**INSTRUCTIONS FOR THE TASK:**
All lines at and after the one containing "Control pond (19.9.2003)", up to the end of the listing below, are to be printed exactly, with the pictures omitted.

**PROVIDED MATERIAL:**
- - - -
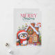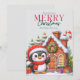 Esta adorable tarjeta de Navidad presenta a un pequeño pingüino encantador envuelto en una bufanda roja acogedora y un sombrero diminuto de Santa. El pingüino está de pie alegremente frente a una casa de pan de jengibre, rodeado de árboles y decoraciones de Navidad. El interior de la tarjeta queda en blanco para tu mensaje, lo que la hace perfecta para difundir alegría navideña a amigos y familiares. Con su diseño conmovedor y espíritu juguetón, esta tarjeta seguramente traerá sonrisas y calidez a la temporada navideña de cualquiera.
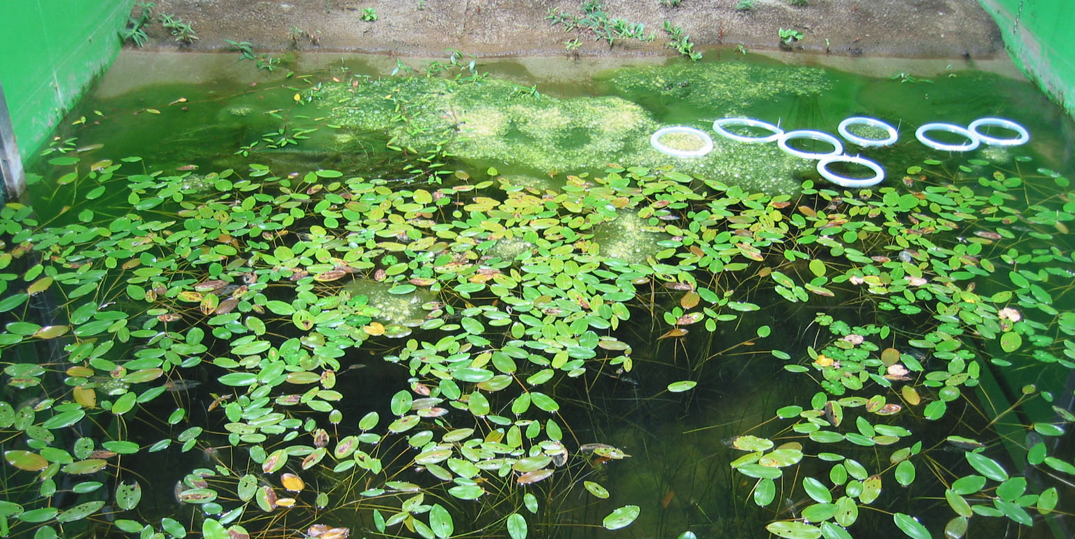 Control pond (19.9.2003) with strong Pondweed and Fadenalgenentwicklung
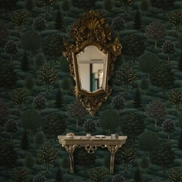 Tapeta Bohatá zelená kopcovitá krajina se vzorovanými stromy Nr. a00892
- - - -
**OUTPUT OF THE EXERCISE:**
 Control pond (19.9.2003) with strong Pondweed and Fadenalgenentwicklung
 Tapeta Bohatá zelená kopcovitá krajina se vzorovanými stromy Nr. a00892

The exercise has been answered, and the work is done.